Performance testing has been traditionally relegated to latest software phases. Even Agile approaches fail to define clearly how to approach this time consuming activity, as teams fails to incorporate performance conditions in their DefinitionOfDone. In Telestax we strive to get best performance from our software, and durings latest year we have progressed on incorporating this activity in our ContinousDelivery strategy.
Performance testing is hard to achieve right. Both controlling the runtime environment, and how to collect the data to provide stable and comparable results is hard enough. This activity has been conducted traditionally by senior engineers, with enough experience at different levels (HW, OS, Application, scripting…).
This activity is usually composed of several steps, each one introducing a risk of misconfiguration which could invalidate the final results. These steps are part of a long-running cycle, since most of the time we need meaningful time to exercise the process (normally more than one hour at system level). Sometimes those misconfigurations are detected very late, and the whole process needs to be restarted again. We could try to enumerate the different steps:
- Recreate the runtime environment: This is old school, yet still used, where the tester needs to create the environment form scratch, by using a particular provided Hardware. OS needs to be installed and tuned, tooling, and the rest of necessary artifacts to finally conduct the testing.

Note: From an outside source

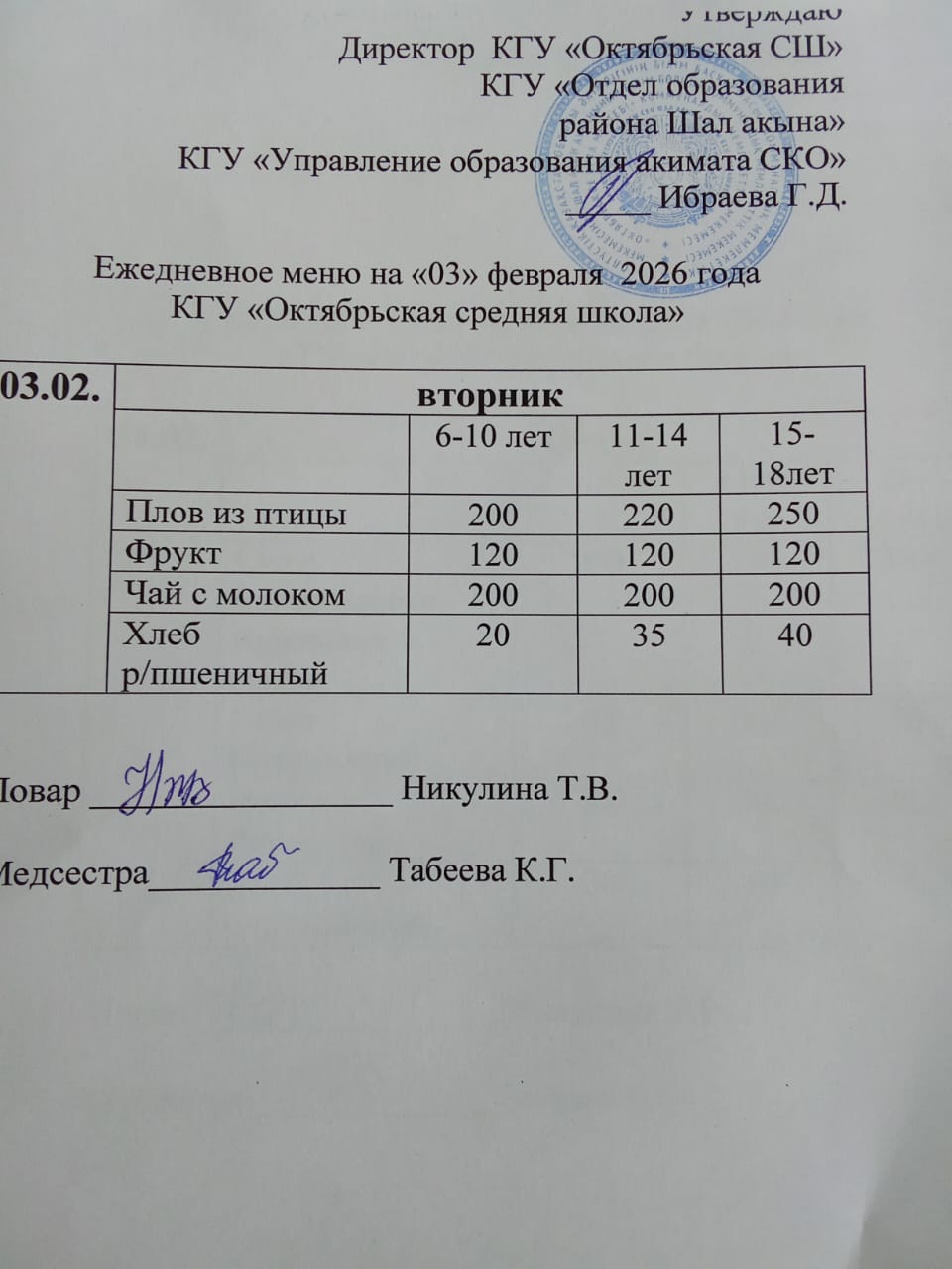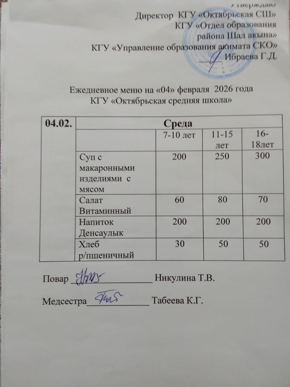 Ежедневно медицинским работником или ответственным лицом проводится органолептическая оценка качества готовых блюд с внесением записей в журнал органолептической оценки качества блюд и кулинарных изделий.
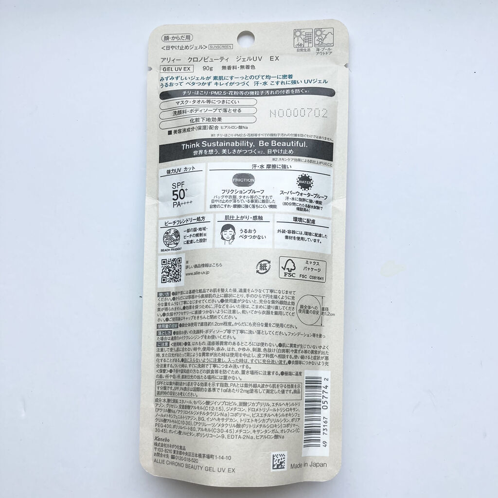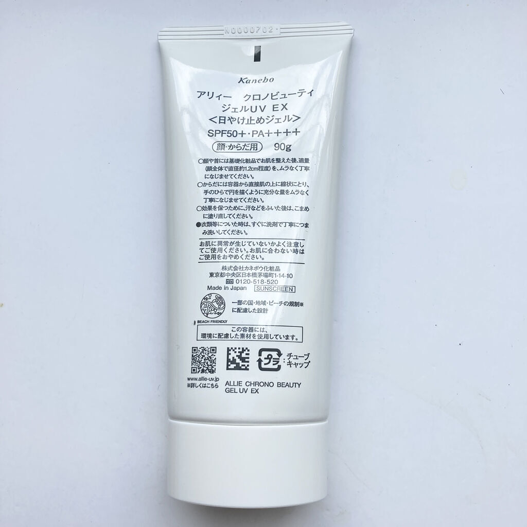 - 世界を想う 美しさつづく*1 日やけ止め おでかけには、落ちにくく、気持ちいい感触がつづく日やけ止めを。 一部の国・地域・ビーチの規制に配慮した設計のビーチフレンドリー処方。 汗・水・こすれにも強く、ベタつかずうるおう仕上がりが持続するジェル UV ●一部の国・地域・ビーチの規制に配慮した設計の「ビーチフレンドリー処方」 ●SPF50+・PA++++ ●汗・水 こすれに強く落ちにくい フリクションプルーフ・スーパーウォータープルーフ ●ベタつきにくい感触がつづく ●うるおい感のある肌仕上がりがつづく ●環境に配慮した素材を使用したパッケージ採用 ●美容液成分(保湿)ヒアルロン酸Na配合 ●顔・からだ用 ●洗顔料・ボディーソープで落とせる ●マスク・タオル等につきにくい ●化粧下地効果 ●無香料・無着色 ●チリ・ほこり・PM2.5・花粉等の微粒子汚れの付着を防ぐ*2 *1 スキンケア効果またはメイクアップ効果による肌仕上がりのこと *2 チリ・ほこり・PM2.5・花粉等すべての微粒子汚れの付着を防ぐわけではありません <限定セットA:セット内容> ・アリィー クロノビューティ ジェルUV EX 90g ・アリィー クロノビューティ ラスティングプライマーUV 5g ※セット商品の成分につきましては各商品ページでご確認ください。

- Start the monitored process: This should involve to execute whatever process (or set of processes) involved in the testing.
- Start monitoring tools: This should include OS system resource monitoring (CPU,Mem,network, IO…), and particular process resource monitoring (like GC for Java processes). These processes should harvest information with proper frequency, and ensure the performance penalty of monitoring is low, so the actual system performance is not impacted.
- Start injecting the defined load stimulus: This may imply to use testing tools (sipp, soapui, jmeter..), and hopefully inject the load with a ramp up curve, so monitored process is not burst with unrealistic traffic profile load. The testing tool should probably add more data into the final results, since important information must be analyzed to have a complete performance model (response time, latency…).
- Mantain load for a period of time: After ramp-up period, the load is mantined “constantly”, and the collection of data is done in the background.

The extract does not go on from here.